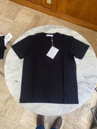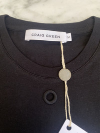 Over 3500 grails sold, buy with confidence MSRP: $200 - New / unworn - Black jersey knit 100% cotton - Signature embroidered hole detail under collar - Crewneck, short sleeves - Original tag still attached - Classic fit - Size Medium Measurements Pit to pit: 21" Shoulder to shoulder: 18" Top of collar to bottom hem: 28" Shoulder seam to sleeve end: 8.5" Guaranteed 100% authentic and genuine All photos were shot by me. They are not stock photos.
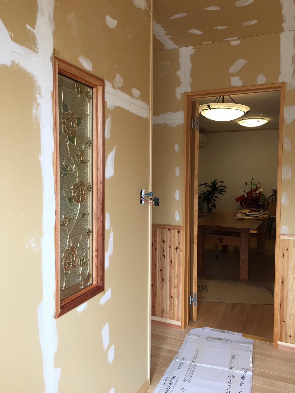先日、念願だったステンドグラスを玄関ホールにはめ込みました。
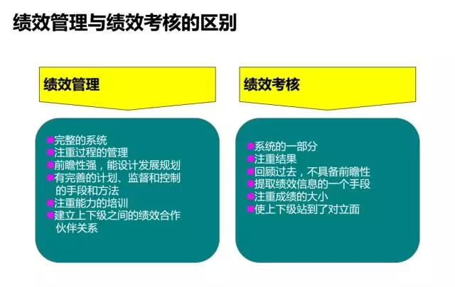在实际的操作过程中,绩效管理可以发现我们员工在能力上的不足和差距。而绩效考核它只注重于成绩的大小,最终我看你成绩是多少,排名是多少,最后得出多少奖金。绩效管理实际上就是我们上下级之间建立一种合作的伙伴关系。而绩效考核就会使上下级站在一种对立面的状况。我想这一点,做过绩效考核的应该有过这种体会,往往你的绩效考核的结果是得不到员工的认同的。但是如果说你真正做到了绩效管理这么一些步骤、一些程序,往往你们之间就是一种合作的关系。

**Your objective:** Leaving every picture aside, transcribe exactly the lines from the one that contains "先日、念願だったステンドグラスを玄関ホールにはめ込みました。" through the final line of the listing above, inclusive.

**Result for this task:**
先日、念願だったステンドグラスを玄関ホールにはめ込みました。
在实际的操作过程中,绩效管理可以发现我们员工在能力上的不足和差距。而绩效考核它只注重于成绩的大小,最终我看你成绩是多少,排名是多少,最后得出多少奖金。绩效管理实际上就是我们上下级之间建立一种合作的伙伴关系。而绩效考核就会使上下级站在一种对立面的状况。我想这一点,做过绩效考核的应该有过这种体会,往往你的绩效考核的结果是得不到员工的认同的。但是如果说你真正做到了绩效管理这么一些步骤、一些程序,往往你们之间就是一种合作的关系。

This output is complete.